Chile’s recently inaugurated president, Gabriel Boric, campaigned on a platform emphasizing urgent reforms to shore up social rights in Chile, particularly health care, education and pensions, all of which were a focus of the protests that erupted across the country in October 2019. He also emphasized the need to establish a new relationship with Chile’s historically marginalized and oppressed Indigenous peoples, which represent around 12 percent of the country’s population. But to do so, he will have to overcome formidable obstacles, including the daunting prospects facing the Constitutional Convention that is currently drafting a new constitution which is central to Boric’s government program, as well as the increasing confrontation with Mapuche radical organizations in southern Chile.

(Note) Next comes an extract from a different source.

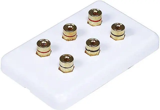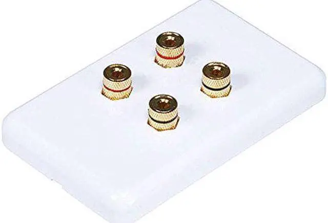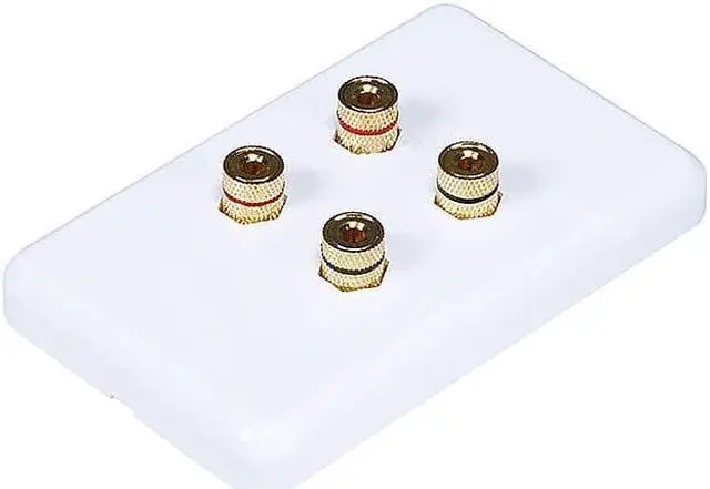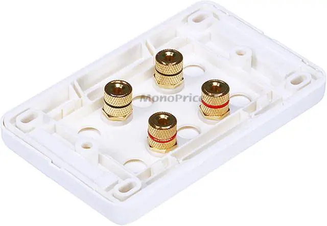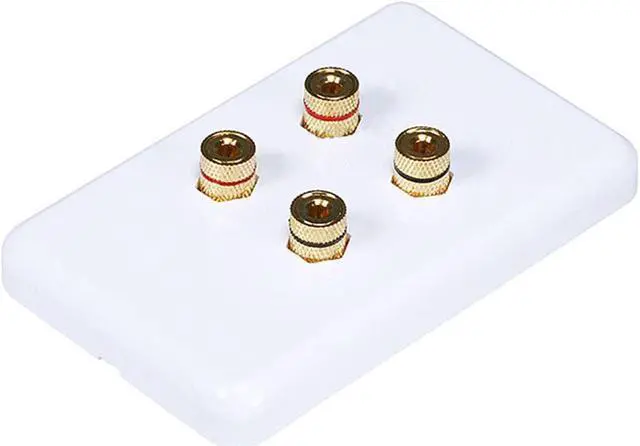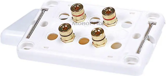 Wall plate with high quality gold plated binding posts for speakers. Can be used with banana plugs, spades, or bare wire. Same type of connector front and back. No soldering required. Corrosion resistant gold plated connectors. * Not compatible with PID# 2944 or 2945 banana plugs. This product can either be used with banana plugs (product ID 2801 or 2943) or it can accept bare wire connections on both the front and rear of the plate. *Monoprice continually strives to improve its product line to bring our customers the best products available.

Chile’s Indigenous peoples have become critical political actors in the transformation the country is currently undergoing. While there has been long-standing historical conflict between the Chilean state and Indigenous peoples—especially the Mapuche, by far the largest of the country’s 10 Indigenous groups—the relationship has become increasingly conflictual in recent decades. Violence carried out by both state agents and some Mapuche groups that question the legitimacy of the Chilean state and oppose extractive investments in their traditional territory has drastically intensified, with victims on both sides.
Unlike elsewhere in Latin America, the Chilean Constitution does not recognize Indigenous peoples’ existence. A so-called Indigenous Law, enacted in 1993, acknowledged them as “ethnic” groups and accorded them cultural rights. It also established a market-based mechanism to return lands from which they had been dispossessed. Chile also endorsed the United Nations’ and the Organization of American States’ declarations on the rights of Indigenous peoples in 2007 and 2016, respectively.